Personal information
- Full name: Douglas Cox
- Date of birth: 16 September 1957
- Date of death: 30 November 2019 (aged 62)
- Place of death: Mildura
- Original team(s): South Mildura / West Torrens
- Height: 187 cm (6 ft 2 in)
- Weight: 89 kg (196 lb)

Playing career^{1}
- Years: Club / Games (Goals)
- 1981–1982: St Kilda / 36 (1)
- 1983–1984: Essendon / 3 (0)
- Total:  / 39 (1)
- ^{1} Playing statistics correct to the end of 1984.

= Doug Cox (footballer) =

Australian rules footballer (1957–2019)

Douglas Cox (16 September 1957 – 30 November 2019) was an Australian rules footballer who played with St Kilda and Essendon in the Victorian Football League (VFL).

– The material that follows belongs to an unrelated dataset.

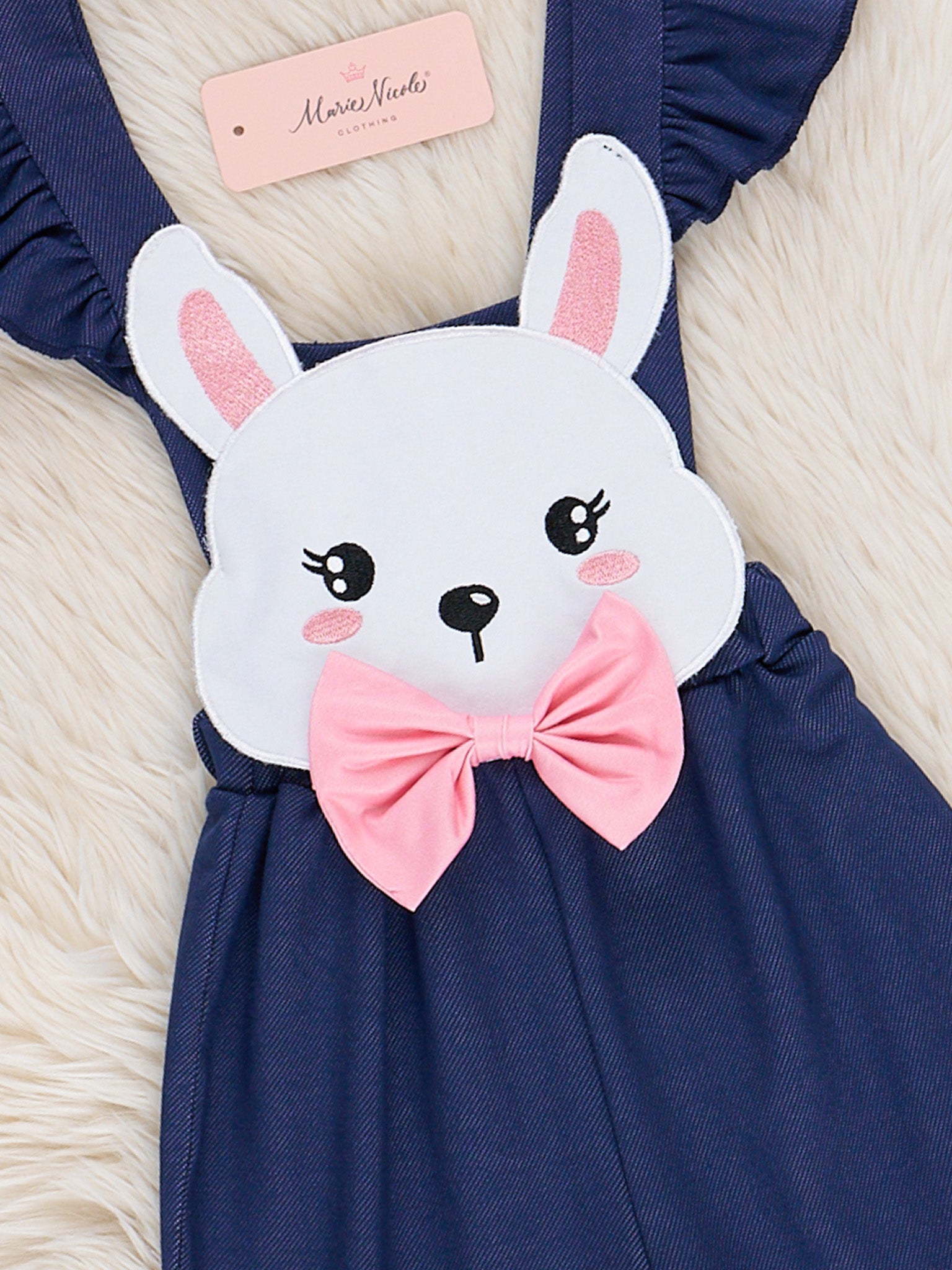 Dress your little one in hoppy style with our Bunny Bow Ruffle Jumpsuit! This girls jumpsuit boasts a blue chambray bodice with ruffle hem legs and an embroidered bunny with a bow. With adjustable ruffle straps, it's perfect for Easter and beyond. Available from Marie Nicole Clothing.
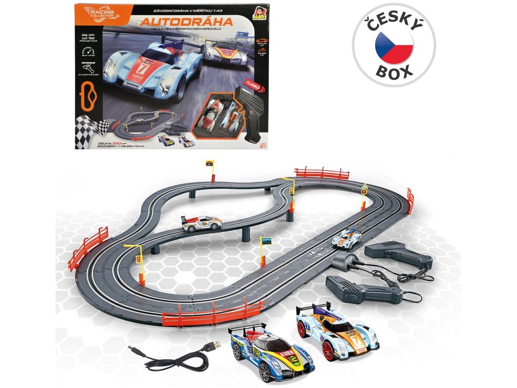 Autodráha je skvělou zábavou pro děti co mají rády rychlou jízdu pro všechny malé i velké závodníky. Autodráha z produktové řady Racing Collection obsahuje 2 auta závodní speciály, 2 ovladače, s USB kabelem pro externí napájení, s mostem a s příslušenstvím, délka trati 300 cm. Baleno v českém boxu. Napájení: USB kabel pro externí napájení (zdroj není součástí). Rozměr: 118 x 66 x 16 cm. Vhodné pro děti od 8 let.

Originally from South Mildura, Cox played for West Torrens in the South Australian National Football League (SANFL) before joining St Kilda in 1981. His move to St Kilda proved controversial, as Richmond protested that he should never have made it to St Kilda because South Mildura was in Richmond's country zone. As a result, St Kilda was stripped of eight premiership points and fined $5000; but, the VFL amended the relevant rules later in the season, and reinstated St Kilda's points. Despite the controversy, the defender was able to play 20 games in 1981 and added another 16 in 1982.

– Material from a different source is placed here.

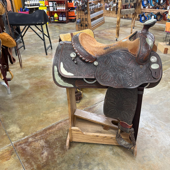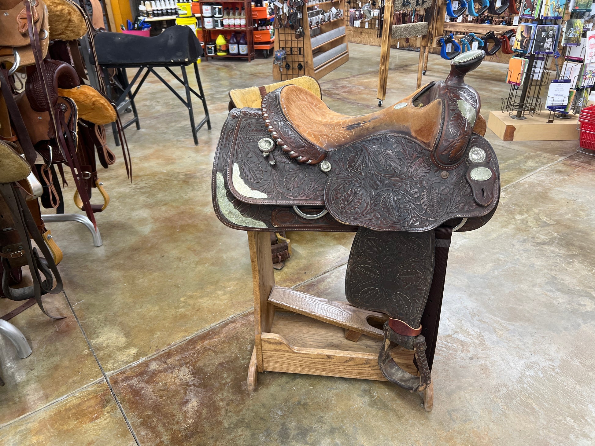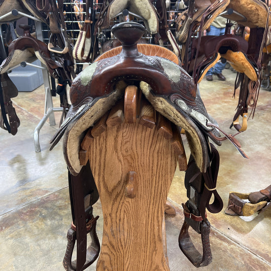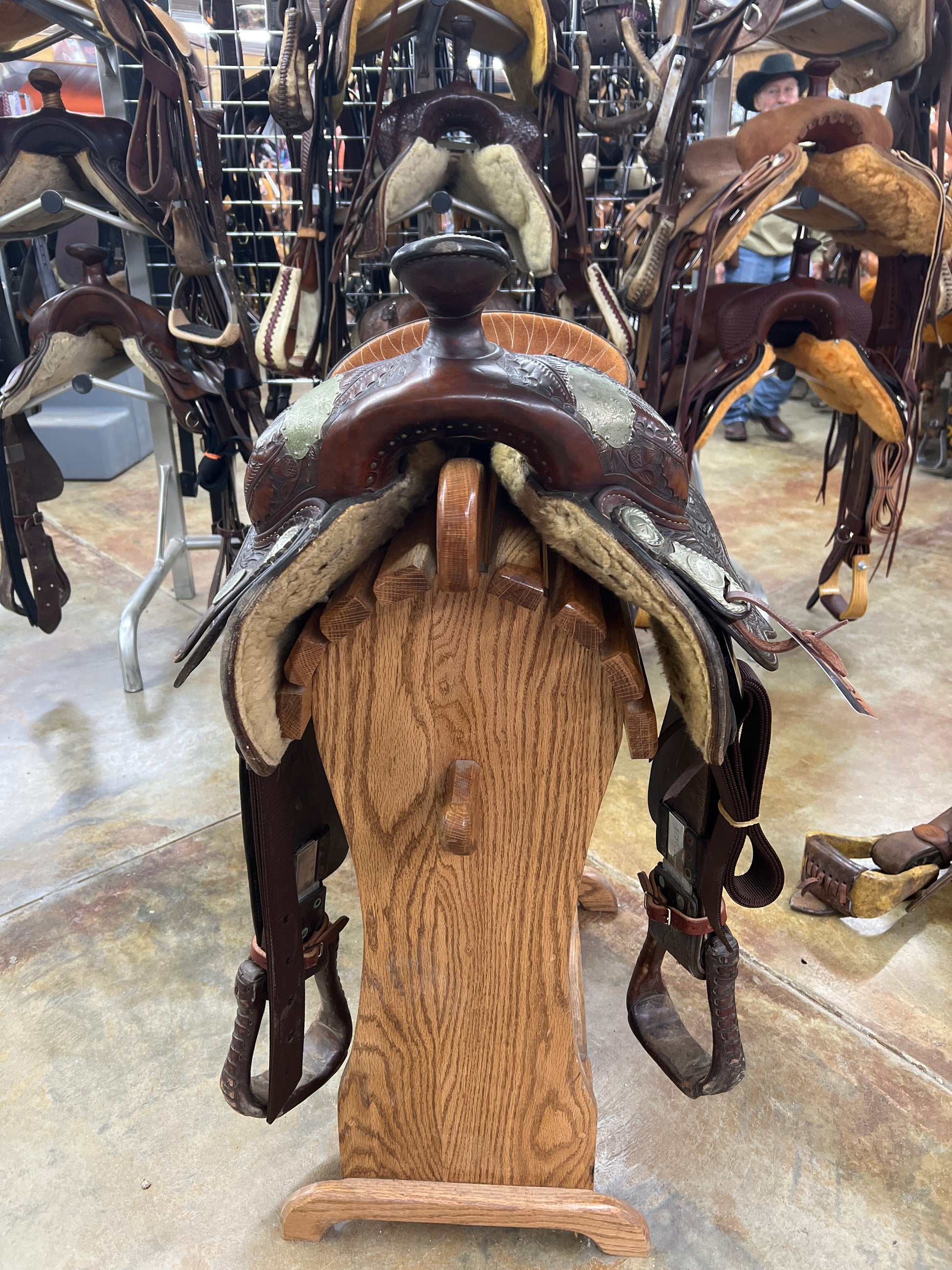 Full Tooled Acorn/Oak, Rust Suede Seat, Silver Laced Cantle, Silver Corners and Accents, Leather Covered Stirrups
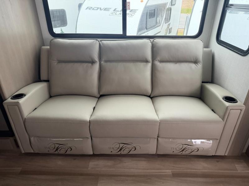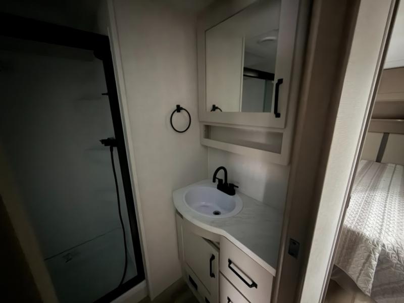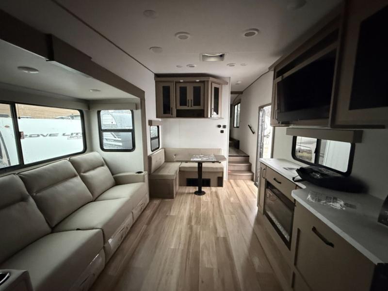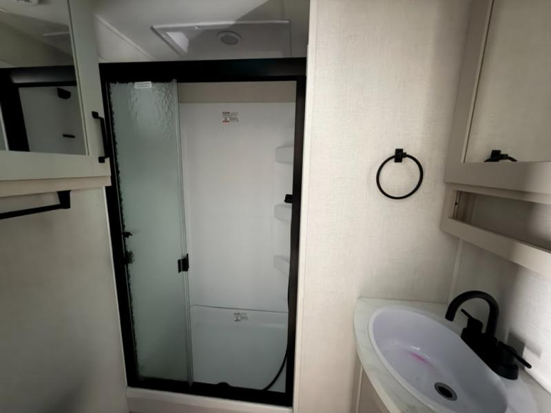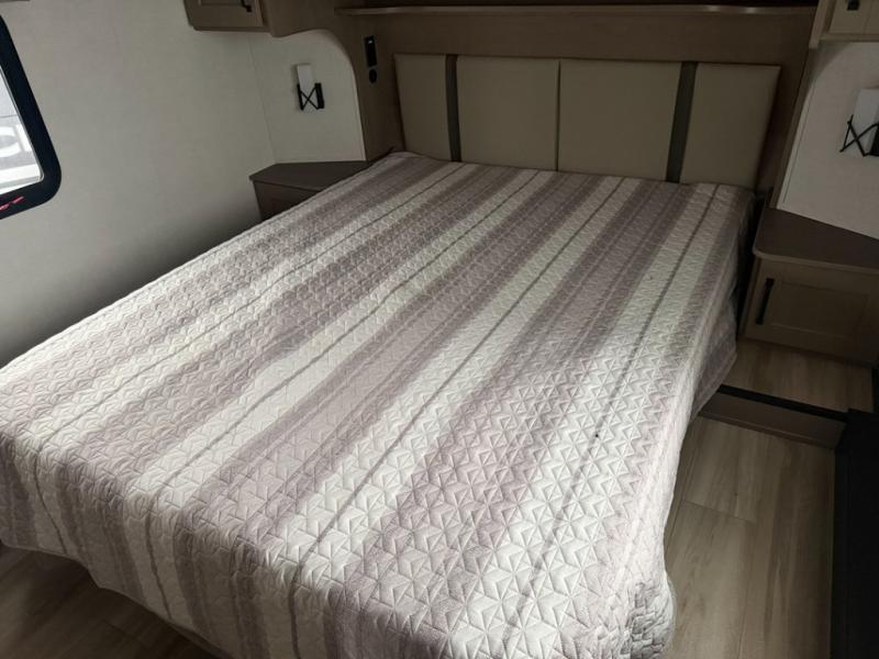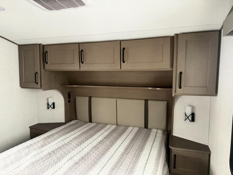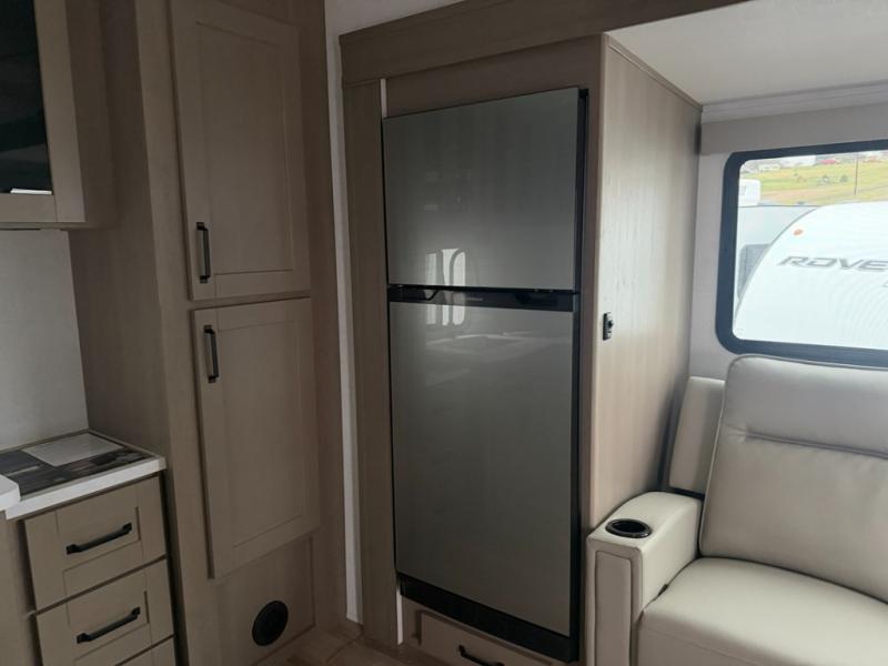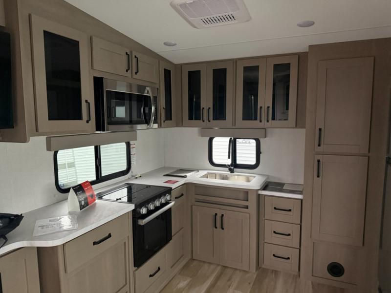 You will love this fifth wheel featuring a single slide for added interior living space and all the comforts and conveniences it provides you while you travel. The slide features a 78" theater seat plus there is a breakfast nook for more seating. Both can easily view the entertainment center with 40" TV. A rear kitchen indoors provides everything you need to create meals like home while on the road, and if you want to spend as much time outside as possible, then the outdoor griddle will certainly accommodate you for meals. Up front, a cozy private bedroom with queen bed, wardrobe, and overhead cabinets. Right next door, you will find a large walk-in shower, as well as a toilet, and a vanity with sink and linen cabinet for your towels and toiletries. You will also love the full unobstructed pass-through compartment for all of your gear, plus so much more!

At the end of the 1982 VFL season, Cox left St Kilda and signed with Essendon. He didn't make any senior appearances for his new club in 1983 after dislocating his wrist in a pre-season practice match, but was a member of the Essendon reserves premiership winning team. In 1984 he again had bad luck with injuries, hurting his thigh early in the season and then injuring himself in a motorcycle accident. He played just three league games that year and won the 1984 Grand Final sprint. It was his final season at Essendon, and he returned to West Torrens in 1985.